27. A computer-implemented method for determining bacterial or pathobiont engraftment, comprising:
(a) accessing engraftment potential data for:
(i) a gut microbiome of a subject simulated on a model configured to predict—using a flux balance analysis—dynamics of individual taxa of the gut microbiome of the subject and of engraftment bacteria or engraftment pathobiont, the model constrained by
(1) relative taxon abundance comprising taxon abundance data of the gut microbiome of the subject in combination with taxon abundance of the engraftment bacteria or engraftment pathobiont set at a propagule pressure approximating an exposure or infection event,
(2) growth medium data representing extracellular substrate availability from one or more different background diets, and
(3) no intervention, or one or more interventions, the interventions comprising one or more antimicrobials, prebiotics, probiotics, fecal microbiota transplants, dietary interventions, or a combination thereof; and
(ii) a plurality of gut microbiomes of a reference population comprising generally healthy individuals each individually simulated for engraftment potential on essentially the same one or more background diets as the subject, and optionally, essentially the same interventions as the subject;
(b) generating, for each of the one or more different background diets, a distribution based on engraftment potential of the subject and the reference population associated with the background diet and embedding the engraftment potential data of the subject associated with the background diet into a context of the distribution;
(c) generating, for each of the one or more different background diets, a comparative metric using the distribution for the background diet and the engraftment potential data of the subject simulated on the background diet; and
(d) identifying, based on the comparative metrics, a particular intervention to recommend for the subject, where the particular intervention includes a particular background diet, one or more particular interventions, or a combination thereof.
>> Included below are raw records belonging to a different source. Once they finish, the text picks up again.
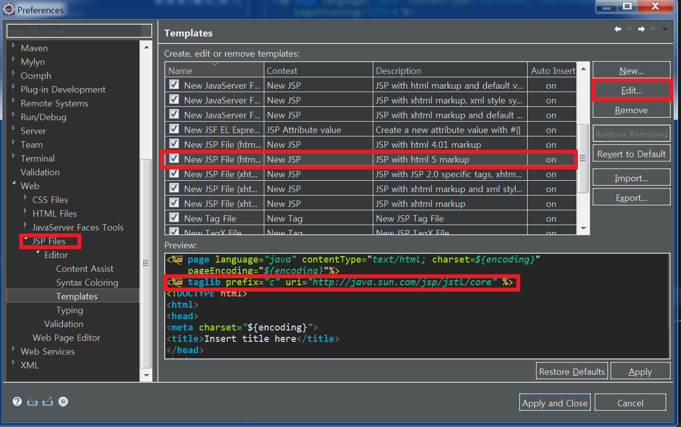 taglib이 자동으로 선언되도록 편집할 수가 있습니다.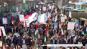 ورفعوا الراياتِ والأعلامَ الفلسطينية واللافتات المعبرة عن تضامن الشعب اليمني مع الأشقاء في فلسطين المحتلّة، والاستنكار الشديد للصمت العالمي تجاه الإرهاب الصهيوني والمذابح اليومية التي يرتكبها العدوّ الإسرائيلي بدعم أمريكي وغربي لا محدود.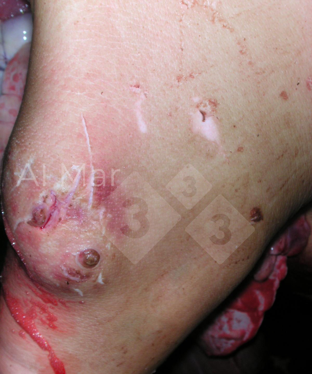 La artritis purulenta en la articulación del codo es consecuencia del roce con el suelo de la granja. Tras erosionarse la piel se abre la vía de entrada a los gérmenes que contaminan la cavidad articular.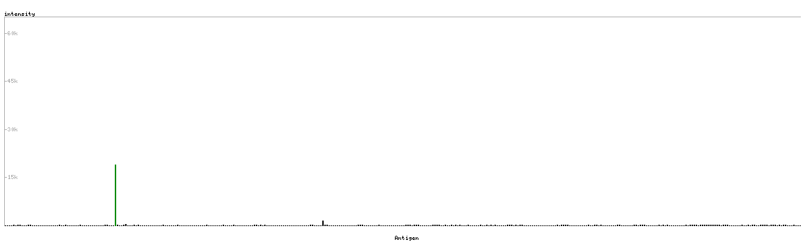 At the top of the view, the position of the antigen (identified by the corresponding HPA identifier) is shown as a green bar. A yellow triangle on the bar indicates a <100% sequence identity to the protein target.

28. The method of claim 27, wherein the comparative metric is for a plurality of different background diets with and without the one or more interventions.
29. The method of claim 27, further generating a gut health report embedding the engraftment potential of the subject into a context of the distribution of the engraftment potential of the reference population for a given background diet, the gut health report identifying the particular intervention.
30. The method of claim 27, wherein the identifying the particular intervention comprises ranking the interventions based on background diet.
31. The method of claim 27, wherein the background diets comprise, or are selected, from a high-fiber diet such as a vegan high-fiber diet rich in resistant starch or a standard Mediterranean diet, a low fiber diet such as a standard European diet or a standard American diet, and a personalized diet.
32. A system comprising:
one or more data processors; and
a non-transitory computer readable storage medium containing instructions which, when executed on the one or more data processors, cause the one or more data processors to perform a set of actions comprising steps (a)-(d) of claim 27.
33. A computer-program product tangibly embodied in a non-transitory machine-readable storage medium, including instructions configured to cause one or more data processors to perform a set of actions comprising steps (a)-(d) of claim 27.